GPT-4 outperformed ChatGPT in responding to non-English questions related to cirrhosis. This could be explained by the fact that GPT-4 was trained using a larger pre-trained dataset with more examples of text in various languages.[20] Regarding pre-processing of data, GPT-4 has improved tokenization and handling of unique characters found in different languages. Moreover, GPT-4 is equipped with enhanced training techniques, including transfer learning, zero-shot or few-shot learning (as explained above), multilingual data sampling, and cross-lingual pre-training, allowing it to comprehend and answer non-English questions more effective than ChatGPT.

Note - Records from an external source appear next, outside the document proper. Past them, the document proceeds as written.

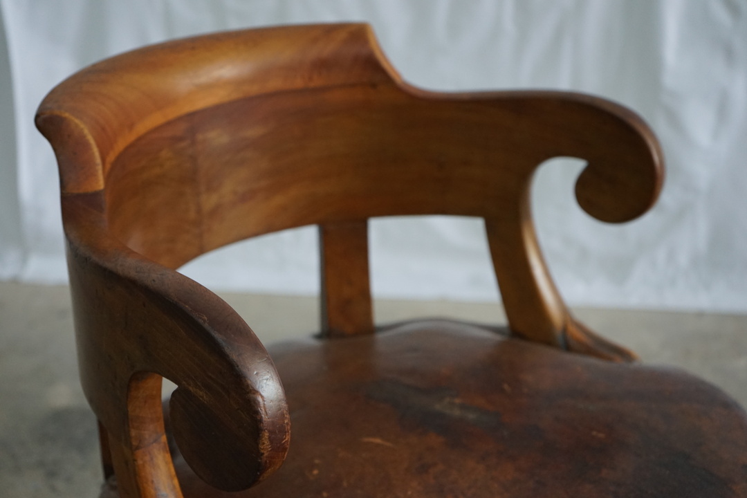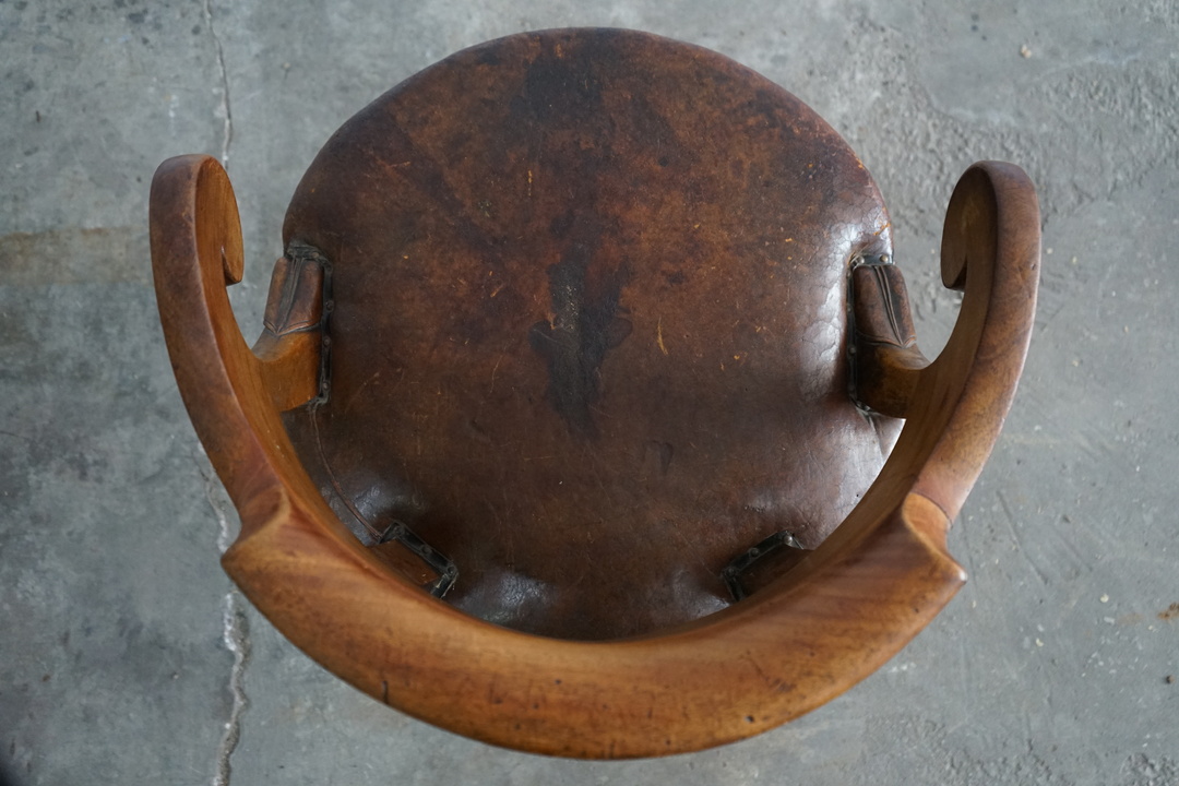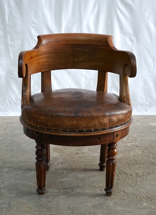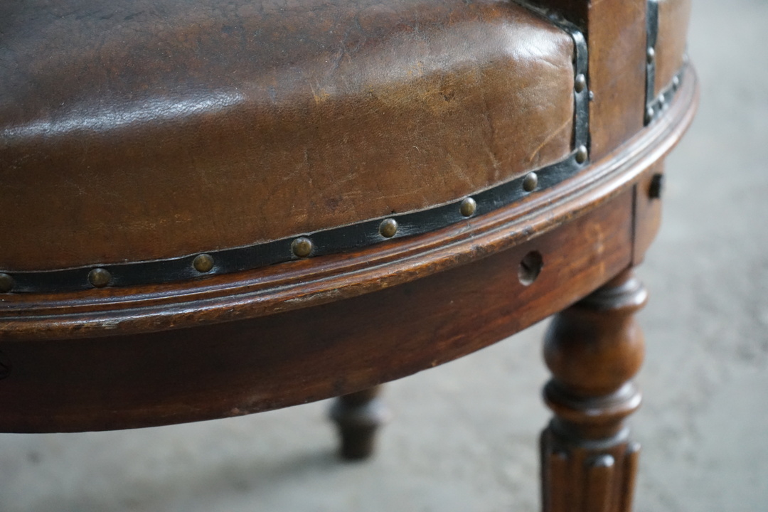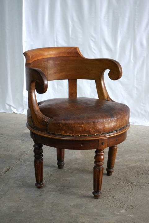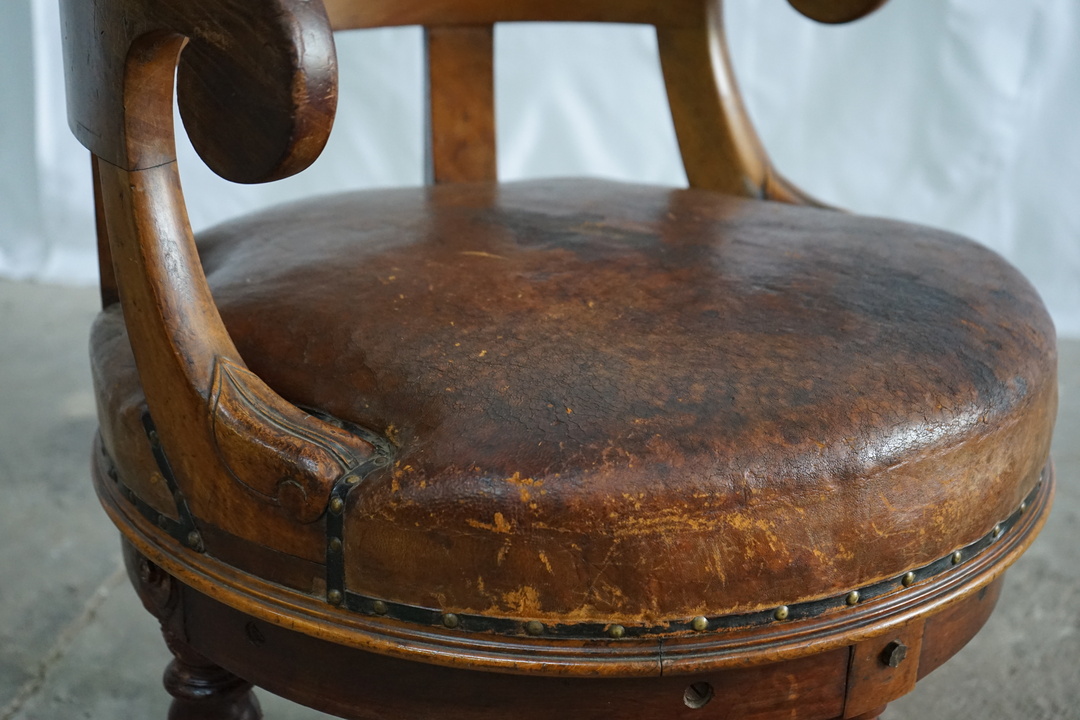 1960's ANTIQUE LEATHER SWIVEL CHAIR
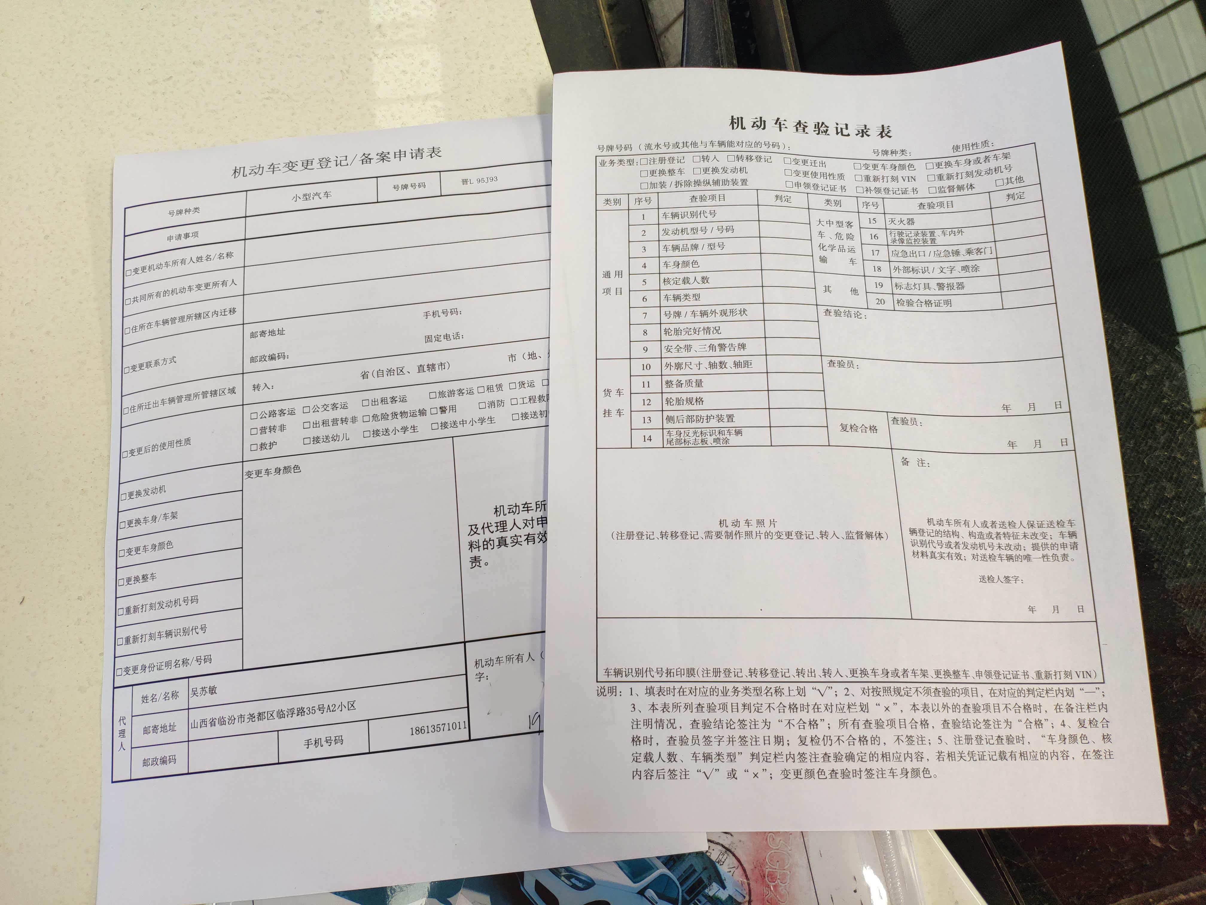 之后跟工作人员索取一张机动车查验表格,把拓号和照片贴在这张表格上相应的位置,在交验人处签字,然后拿着这些资料去业务大厅档案处核档。
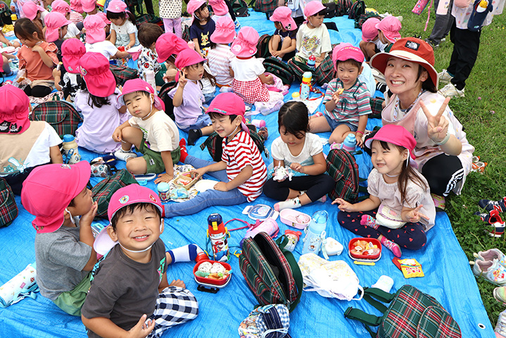 入園してから初めてお外でみんなでお弁当を食べるお友達もいました♪ ニコニコ笑顔でおにぎりを頬張っていましたよ🍙
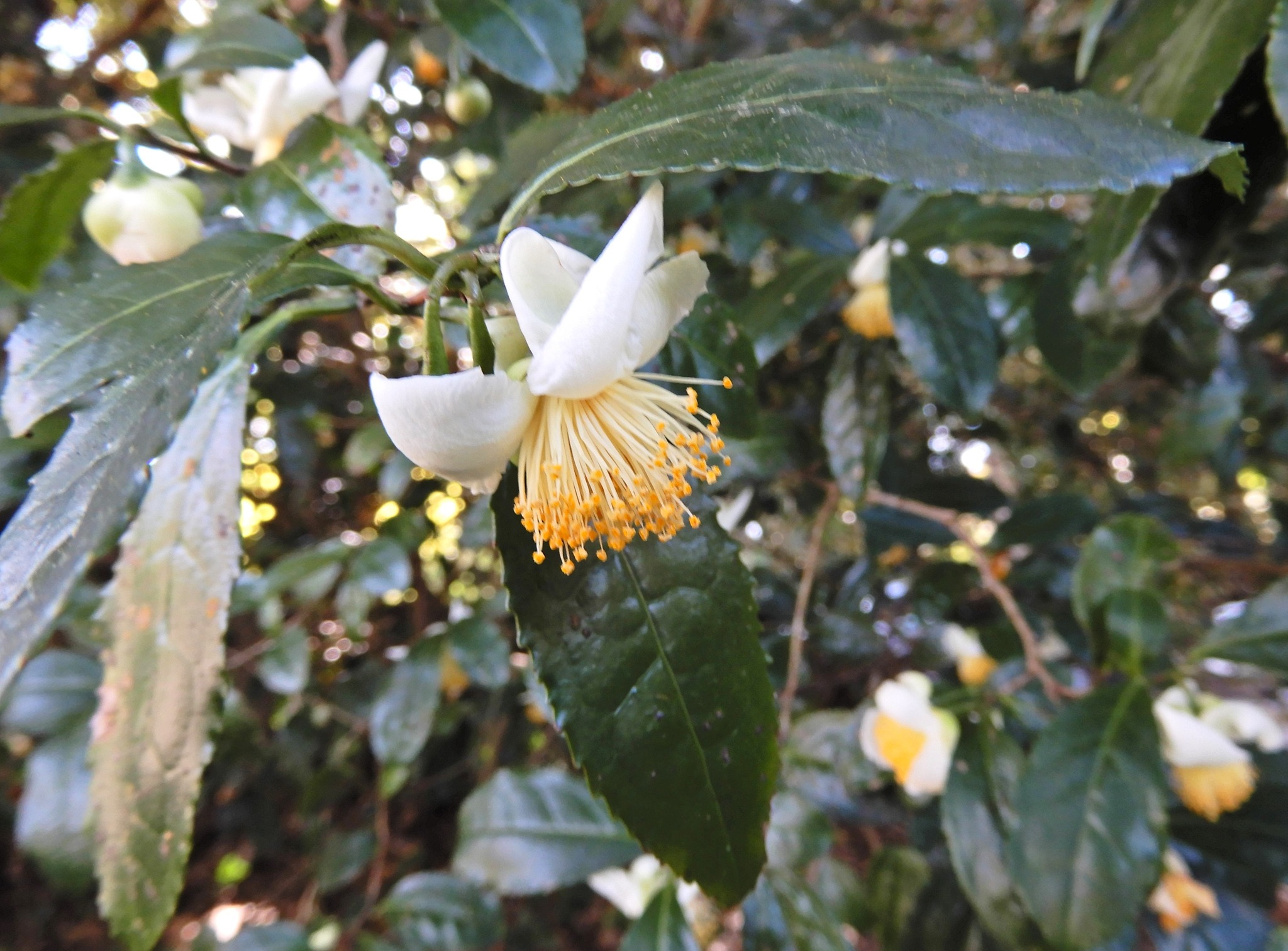 チャノキは古い時代に中国から持ち込まれた栽培植物とされています。伊豆半島や九州の一部で野生化の報告もあるようですが、逸出したものと考えられています。
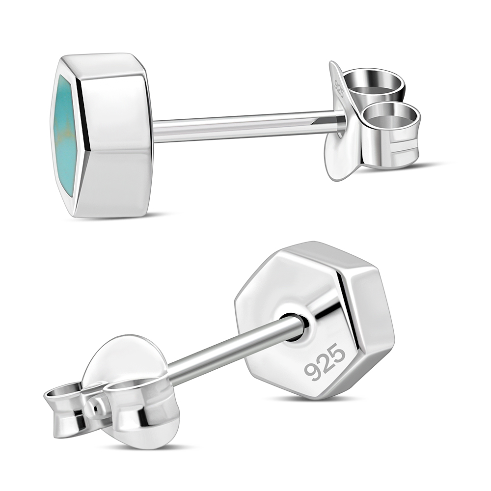 Theme: Turquoise Hexagon Silver Stud Earrings.
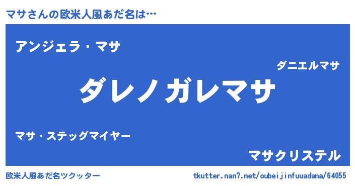 男性向けラノベタイトル風あだ名 | 『魔弾の王とマサ』『はたらくマサさま!』 |
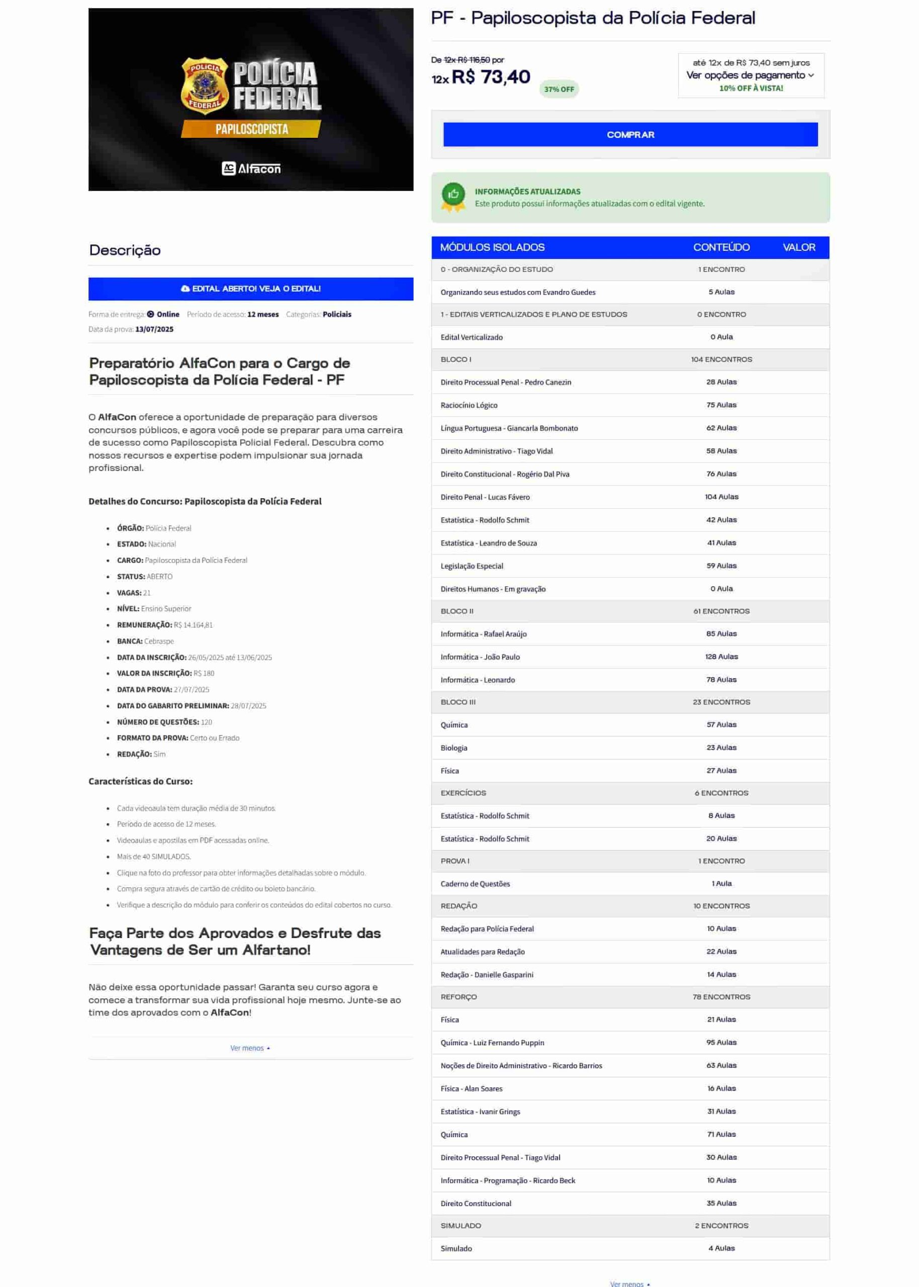 - As atualizações de cursos PÓS-EDITAL ocorrem 1x por semana, já de cursos PRÉ-EDITAL ocorrem 2x por mês.
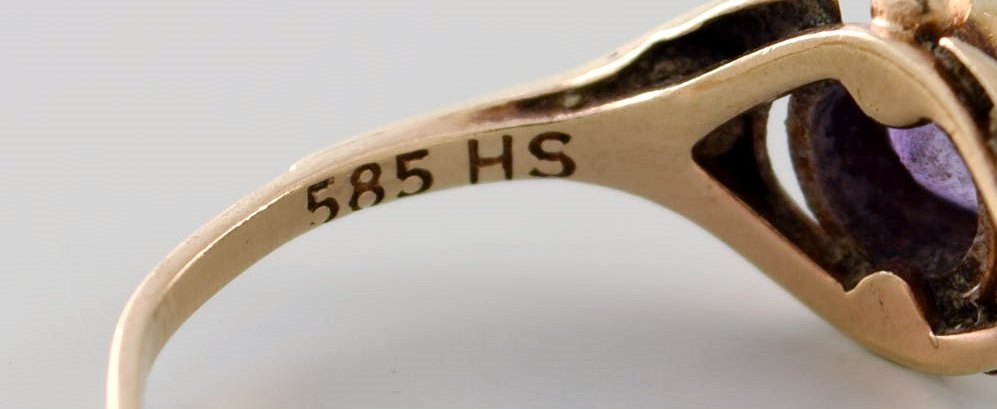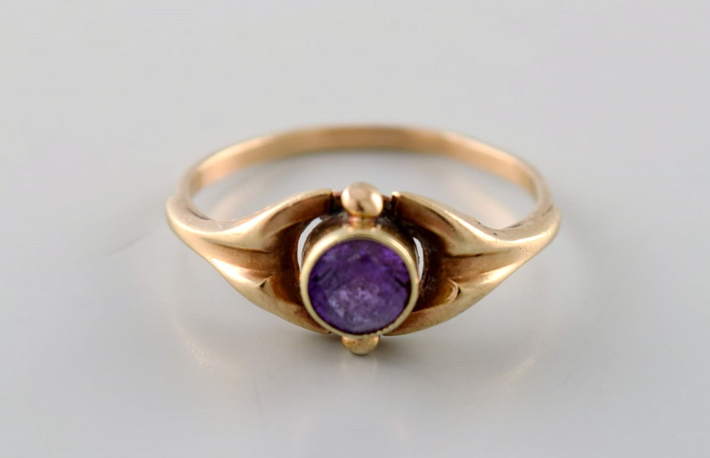 Hermann Siersbøl, dansk guldsmed. Art deco ring af 14 karat guld prydet med lilla sten. 1940'erne.
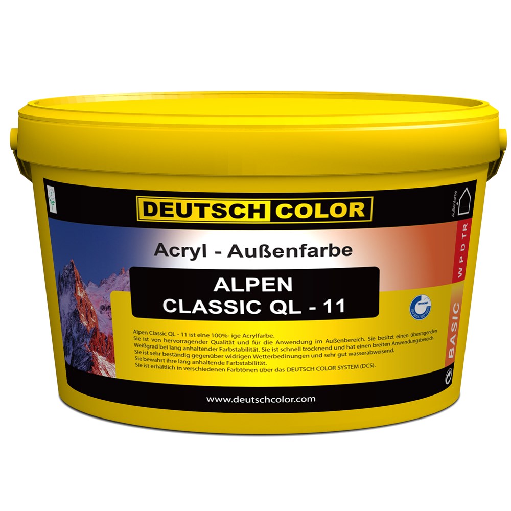 Alpen Classic QL 11 është bojë akrilike me cilësi të shkëlqyera për përdorim të jashtëm. Zotëron punueshmëri dhe aftësi niveluese shumë të mira, ngjitje të fortë dhe tharje të shpejtë.Pas aplikimit, rezultati është një rifiniturë mat me rezistencë tepër të mirë ndaj ujit dhe agjentëve të ndryshëm atmosferikë.
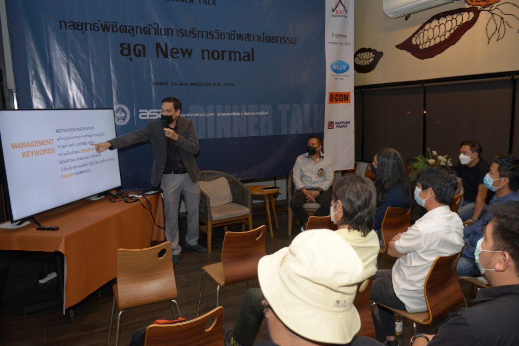เมื่อวันเสาร์ที่ 20 พฤศจิกายน 2564 คุณชนะ สัมพลัง นายกสมาคมสถาปนิกสยาม ในพระบรมราชูปถัมภ์ เป็นวิทยากรบรรยายในงาน DINNER TALK ถึงหลักการบริหารงานสำนักงานสถาปนิก เพื่อความยั่งยืนและพัฒนาการให้บริการอย่างมีประสิทธิภาพ ณ ร้าน Chockolate Factory จ.ชลบุรี และมีคุณรุ่งโรจน์ อ่วมแก้ว อุปนายกฝ่ายภูมิภาค คุณปราการ ชุณหพงษ์ ประธานกรรมาธิการสถาปนิกล้านนา คุณชนาธิป มานิจสิน อนุกรรมการสถาบันสถาปนิกสยามเป็นผู้แทนจากสมาคมฯเข้าร่วมงานด้วย โดยงานดังกล่าวจัดโดยกรรมาธิการสถาปนิกบูรพา ซึ่งมีคุณคมกฤต พานนสถิตย์ เป็นประธาน จึงทำให้งานนี้ประสบความสำเร็จและมีสมาชิกสถาปนิกบูรพา รวมถึงผู้สนใจเข้าร่วมงานเป็นจำนวนมาก
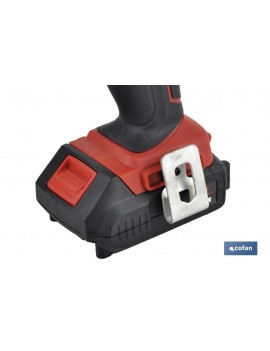 Atornillador percutor de impacto 1/4 de batería de Litio Li-ion. Consta de control variable de velocidad 0-2000 rpm y selector de giro izquierda/derecha. Con 3 luces de trabajo Led y clip de metal para ajuste en cinturón. Incluye maletín con accesorios (4 pcs.) más cargador de batería 18V.

In conclusion, we demonstrated a significant improvement in GPT-4’s ability to comprehend and accurately respond to both English and non-English cirrhosis-related questions. The advancements of GPT-4 over its predecessor highlight the potential for more accurate and reliable language model applications in diverse linguistic contexts. These advancements have important implications for patients who have language discordance with their healthcare providers and will contribute to equalizing health literacy on a global scale by delivering accurate and comprehensive explanations.
Data Availability
All data produced are available online using ChatGPT
Acknowledgments
GPT-4 was used to paraphrase the part of the manuscript.
Footnotes
↵* The 2 authors share co-first authorship
Conflict of Interest Statement: None declared.
Funding/Support: None
Ethics Approval: Since all responses from OpenAI were publicly available, approval from the institutional review board was not sought.